This function allows for contemporary and historical countries or states to be identified in text. It uses a regular expression (regex) to search for a number of common names and alternative spellings for each entity. The function returns either the three-letter abbreviation (an extended version of ISO-3166 alpha-3), or the name of the state. The function can also return multiple matches, where more than one country is mentioned in the text. Currently, the function can identify 500 entities. Updates, bug reports, and suggestions welcome.
Arguments
- text
A vector of text to search for country names within.
- code
Logical whether the function should return the three-letter abbreviation (an extended version of ISO-3166 alpha-3), or the name of the state. For the complete list of entities and their search terms, run the function without an argument (i.e.
code_states()
). Updates and suggestions welcome.- max_count
Integer how many countries to search for in each element of the vector.

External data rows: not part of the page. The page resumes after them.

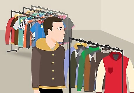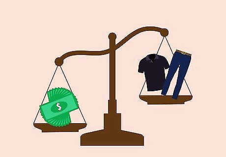 Try things on. Without trying clothing on, it is difficult to tell whether it is worth your money. Ask for a fitting room with a mirror or a convenient restroom. Dress in form-fitting attire in case a fitting room is not available. That way you can try on clothing over your existing clothes. Leggings and sports bras can be useful in this. To eyeball if a garment will fit around your waist without trying it on: button it, and then wrap it around yourself from bellybutton to spine.
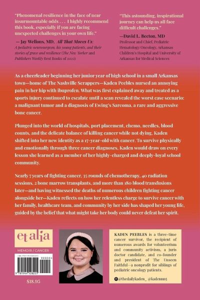 "Phenomenal resilience in the face of near insurmountable odds. I highly recommend this book, especially if you are facing unexpected challenges in your own life. Inspiring!" - Jay Wellons, MD, All That Moves Us: a pediatric neurosurgeon, his young patients, and their stories of grace and resilience (The New Yorker and Publishers Weekly Best Books of 2022) "Through Kaden's eyes, we see the world of childhood cancer patients. With grit, faith, and compassion . . . she is one true hero for the oncology community." - Naina S. Mahngar, MD, Medical Hematology/Oncology As a cheerleader beginning her junior year of high school in a small Arkansas town-home of The Nashville Scrappers-Kaden Peebles nursed an annoying pain in her hip with ibuprofen. What was first explained away and treated as a sports injury continued to escalate until a scan revealed the worst-case-scenario: a malignant tumor and a diagnosis of Ewing's Sarcoma, a rare and aggressive bone cancer. Plunged into the world of hospitals, port placement, chemo, needles, blood counts, and the delicate balance of killing cancer while not dying, Kaden shifted into her new identity as a 17-year-old with cancer. To survive physically and emotionally through three cancer diagnoses, Kaden would draw on every lesson she learned as a member of her highly-charged and deeply-loyal school community. Nearly 7 years of fighting cancer, 35 rounds of chemo, 40 radiation sessions, 2 bone marrow transplants, and more than 180 blood transfusions later-and having witnessed the deaths of numerous children fighting cancer alongside her-Kaden reflects on how her relentless charge to survive cancer with her family, healthcare team, and community by her side has shaped her young life, guided by the belief that what might take her body could never defeat her spirit.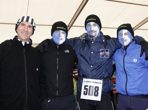 Später kamen dann mein TAR– und MdS– Laufkumpel Heiko Bahnmüller, der gleich mit einer ganzen Truppe seiner Luftwaffeneinheit erschienen ist, Bernie Conradt und seine hochschwangere Frau Sabine, der auch mit zwei Freunden da war, mein Lieblingsfotograf Klaus Duwe, den ich nicht erst seit dem fantastischen Foto im Ziel des UTMB in meine Abendgebete einschließe und ich hatte etliche nette Gespräche mit Läufern, die mir einiges über deren Laufleben erzählt haben.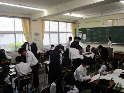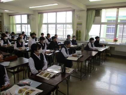 1年生の授業の様子を紹介します。 【写真上】:音楽 【写真中】:美術 【写真下】:数学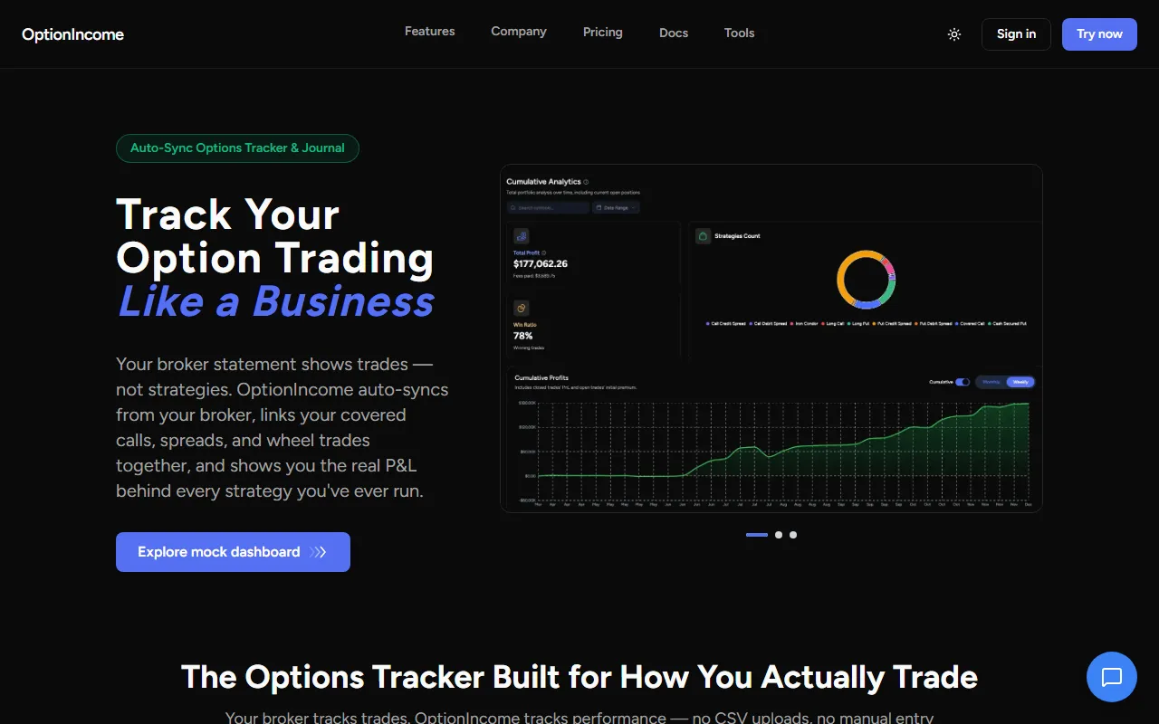 For professionals, teams, and business leaders seeking smarter ways to handle productivity and workflow optimization, OptionIncome presents an intriguing proposition. OptionIncome automates option trade tracking and analytics, simplifying portfolio management and performance insights. The platform aims to bridge the gap between complex AI technology and practical, everyday utility, making advanced capabilities accessible without requiring deep technical expertise.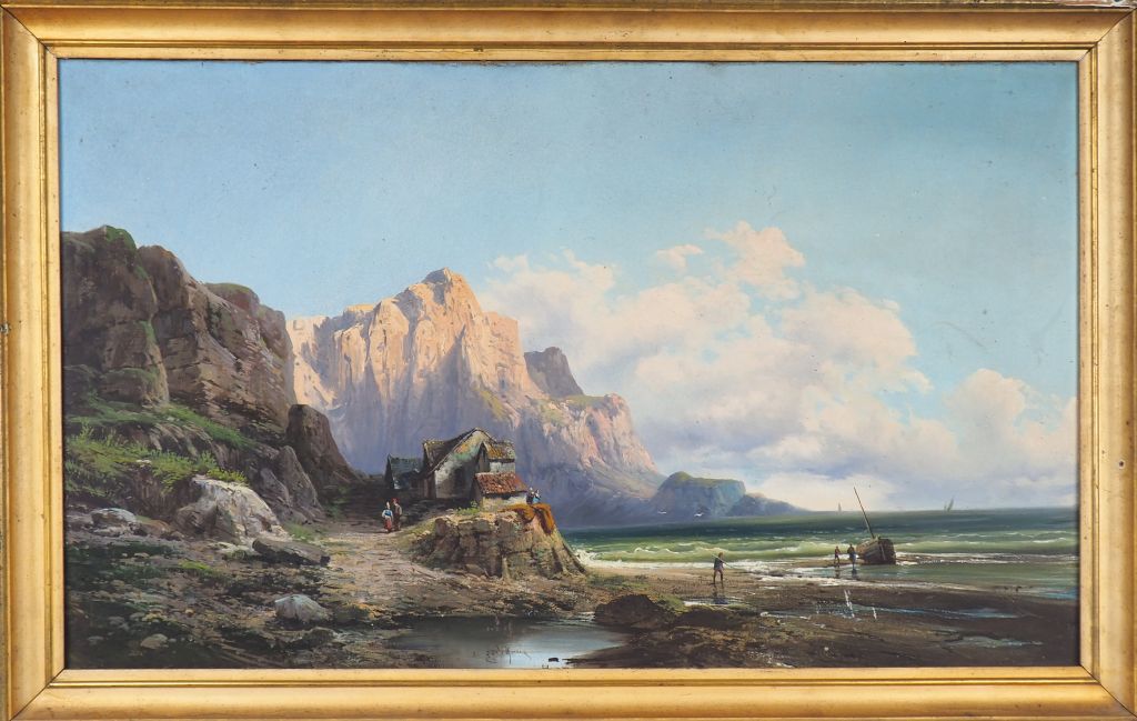 GODCHAUX. "Bord de mer animé". Huile sur toile, signée en bas à gauche. Dim. 55 x 92 cm. (très légères tâches)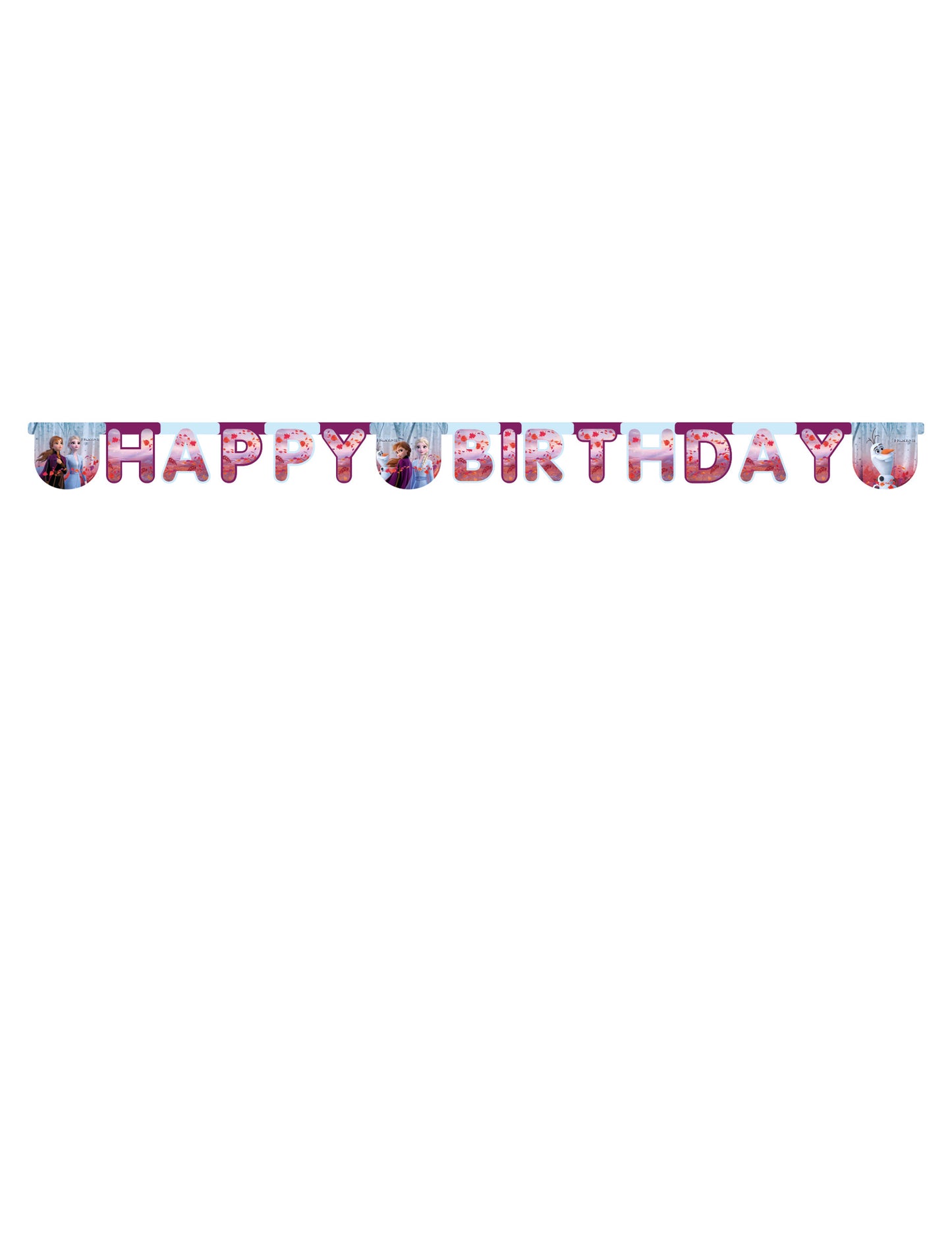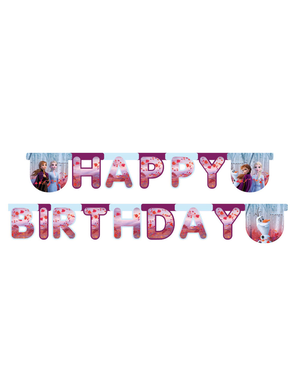 Ovaj rođendanski vijenac pod službenom licencom Snježna kraljica 2 mjeri otprilike 200 x 16 cm. Sastoji se od zastavica i kartonskih pisama koja tvore poznatu poruku "Sretan rođendan". Razlozi predstavljaju snježnu kraljicu Elsu, njezinu sestru Annu i Olaf. Proslavite rođendan svoje kćeri s ovom snježnom kraljicom 2 vijenca.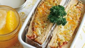 焼いたコールスローサラダがパンの間でギュッとまとまって、おいしさだけでなく食べやすさもアップします。
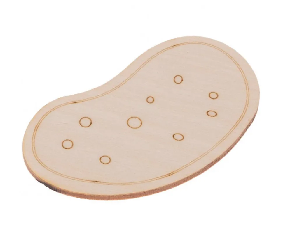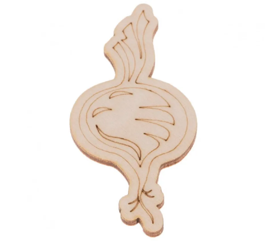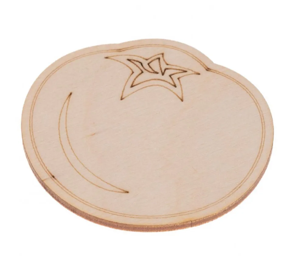 Jeu en bois adapté aux mains des enfants et à la manipulation qui servira de support à l’enseignement de l’alimentation, découverte des légumes.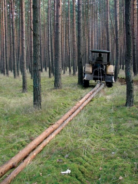 Kto z grupy osób tak przejętych zagęszczeniem gleby w wynikuwpuszczania do lasu „tych ciężkich maszyn” zwraca uwagę na drobiazg, jakim sąstraty w drzewostanie powstające w trakcie swobodnego przemieszczania się końcawleczonej dłużycy? To wszystko można podciągnąć pod ekologię, co zaś z aspektemekonomicznym? O ile większe jest zużycie paliwa „lekkich ciągników”, któremuszą ponad 40 razy pokonywać tą samą trasę co forwarder? Ile więcej spalinzostanie wyrzuconych do atmosfery przy wielokrotności przejazdów? Ile gumywtarte w glebę, gdy lekki ciągnik będzie jeździł wielokrotnie po ładunek, którymógłby zostać zerwany podczas jednej operacji maszyny nasiembiernej? O zużyciuoleju i samego ciągnika nie warto już nawet wspominać. Co zaś z ergonomią? Jakijest wydatek energetyczny robotnika dokonującego zrywki wleczonej zwykorzystaniem ciągnika rolniczego, a jaki gdy wszystkie czynności wykonujeoperator ciągnika specjalnego, nie opuszczając przy tym bezpiecznej ikomfortowej kabiny?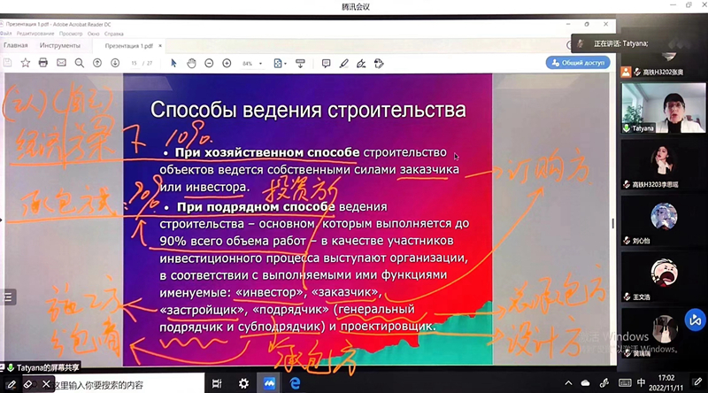 另外,学校萨马拉交通学院为每门外教课程配备了线下随堂助教。助教主要由学校相关专业课教师及俄语教师担任,协助外教老师做好学生课前预习、课后复习、课堂的答疑讲解,辅助学生更加有效地完成学习任务,帮助学生尽快适应外教线上专业课程的教学模式,保障外教课程顺利进行,确保教学质量。
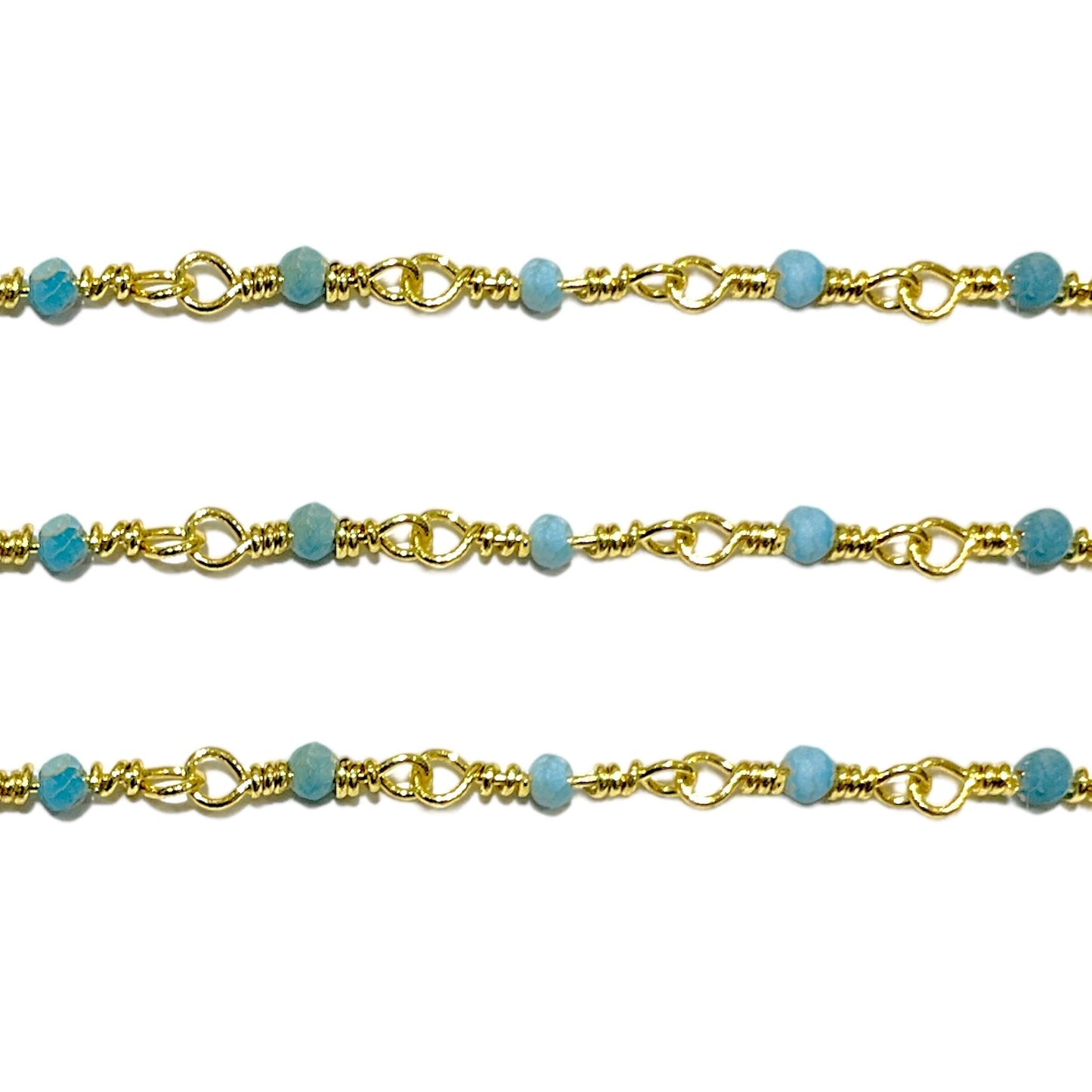 Chaîne au mètre Aigue marine laiton doré 2 mm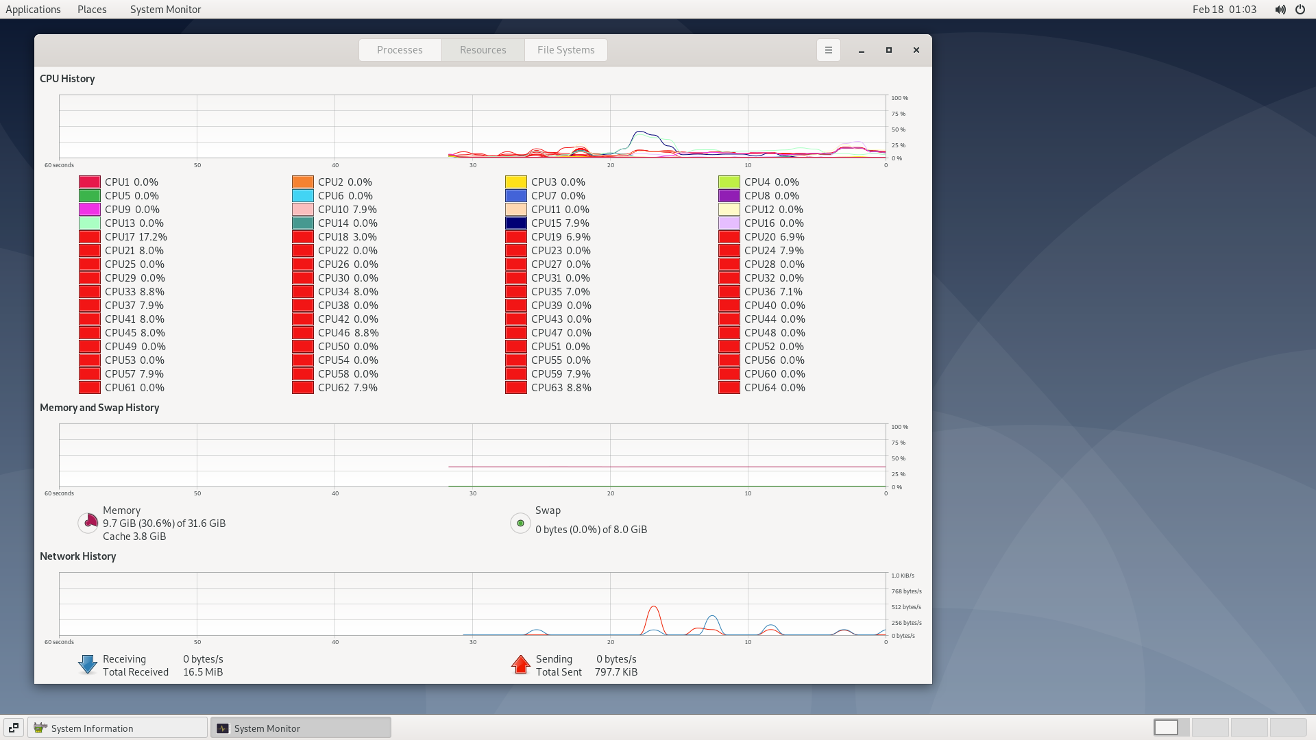 Performance indicators (tasks, CPU, Memory, Network) display OK
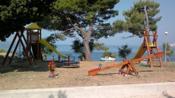 Naročito za parove s djecom. Plaže dvije, prostrane, jedna lijevo, druga desno, na nekih 100-tinjak metara. More je ispred objekta, pristojne dubine ako volite skokove prije doručka, pred spavanje, ili se volite vratiti u smještaj plivajući umjesto pješice. Prelijepa ulica, mirno, čisto. Dolazak autom jednostavan. Smještaj odličan.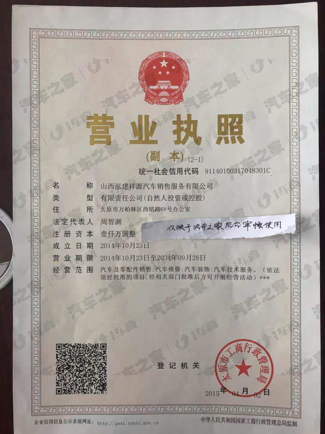 山西泓建祥源汽车销售服务有限公司成立于2014年,是北京汽车在山西省授权经营的旗舰店,是一家集新车销售、售后维修、汽车零配件供应、汽车装潢、二手置换和信息反馈于一体的旗舰级4S店。公司主要经营绅宝绅宝X35、绅宝D50、绅宝智行、绅宝智道、BJ40LPLUS、BJ80等北汽生产的系列车型。(由于公司发展好,服务好,我店在北京也有2家4S店,不管是从销售还是售后的服务,都是值得你去托付的港湾。)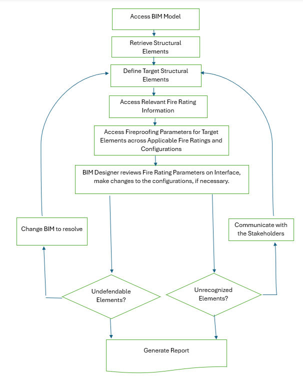 Access Revit Model: The workflow begins by accessing the digital representation of the building structure within the BIM platform Revit. This model serves as the primary data source for fireproofing analysis.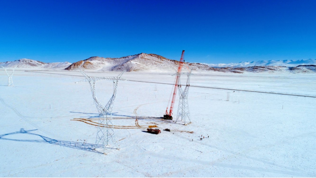 “这个大家伙,自身重量就达到了150吨。”指着眼前全高100余米的履带吊,该标段施工项目经理田维立喘着气介绍道,“我们结合高海拔高寒地带大型机械明显降效的实际情况,充分考虑安全裕度,采用150吨级的大吨位履带吊,进行平原区段铁塔组立,可以单次起吊20吨的塔材,吊起到达70米高的地方,满足我们的铁塔分段整体吊装作业要求。”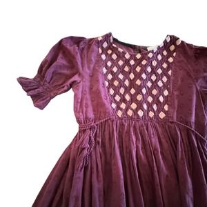 This gorgeous dress is perfect for cottagecore and boho lovers! Features intricate embroidered detailing that adds romantic charm and visual interest. Lined throughout and the details are precious. Smocked bodice provides a flattering, comfortable fit that moves with you. Flowy midi length is elegant and versatile.

Where more than one country is matched, the countries are returned as a set, i.e. in the format "{AUS,NZL}". By default
max_count = 1
, which will just return the first match.
Value
A character vector of the same length as text
,
with either the three-letter abbreviation (an extended version of ISO-3166 alpha-3),
or the name of the state, or NA
where no match was found.
If max_count > 1
, multiple matches are returned as a set,
i.e. in the format "{AUS,NZL}".
If the function is run without an argument, it returns
a data frame with the complete list of entities and their search terms.
Examples
code_states(c("I went to England",
"I come from Venezuela",
"Did you know there was a Lunda Empire?",
"I like both Australia and New Zealand"))
#> [1] "GBR" "VEN" "LUN" "AUS"
code_states(c("I went to England",
"I come from Venezuela",
"Did you know there was a Lunda Empire?",
"I like both Australia and New Zealand"), max_count = 2)
#> [1] "GBR" "VEN" "LUN" "{AUS,NZL}"